YOUR GOAL: The response consists of the lines from the start of the material below through the line holding "Phoenix Contact AXL", repeated word for word and without pictures.

MATERIAL PROVIDED:
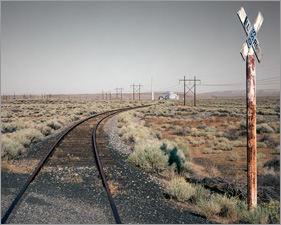 Railroad Tracks and B Reactor, Source of Nagasaki Bomb Plutonium, Hanford Nuclear Reservation, WA1944
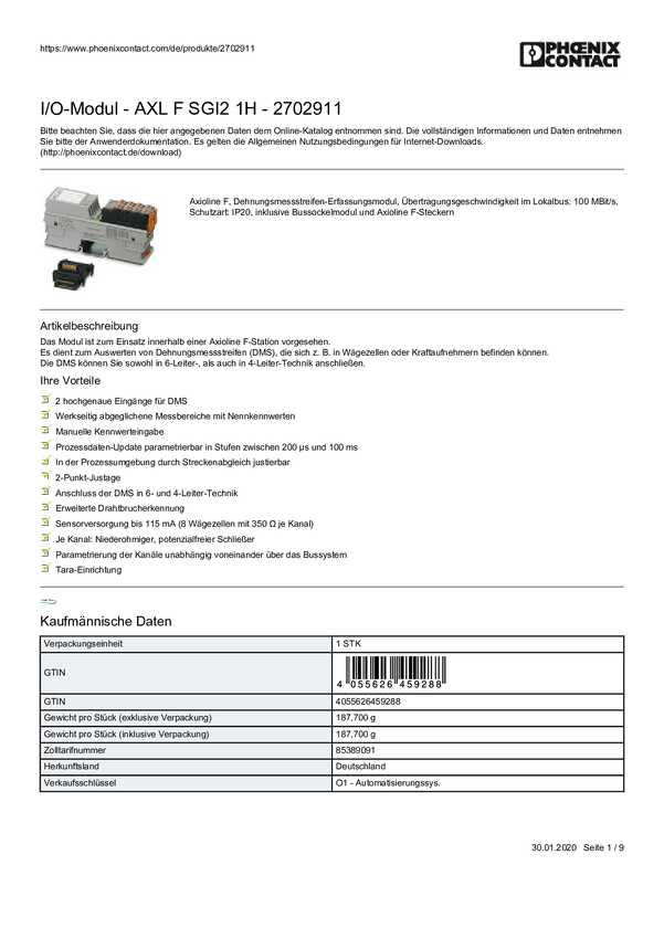 Phoenix Contact AXL F SGI2 1H 2702911 Moduł I/O 5 V/DC
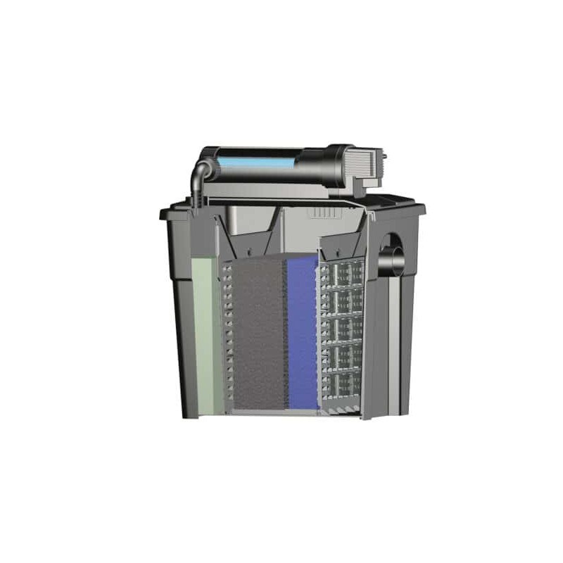- Průtokový filtr s UV lampou pro zahradní jezírka a jezírka s rybami o velikosti 3,5m3. Kombinace filtrační pěny a integrované UVC lampy zajišťuje nejlepší výkonnost filtrace. Různé filtrační pěny zajišťují optimální mechanickou a biologickou filtraci.

SOLUTION TO THIS EXERCISE:
 Railroad Tracks and B Reactor, Source of Nagasaki Bomb Plutonium, Hanford Nuclear Reservation, WA1944
 Phoenix Contact AXL F SGI2 1H 2702911 Moduł I/O 5 V/DC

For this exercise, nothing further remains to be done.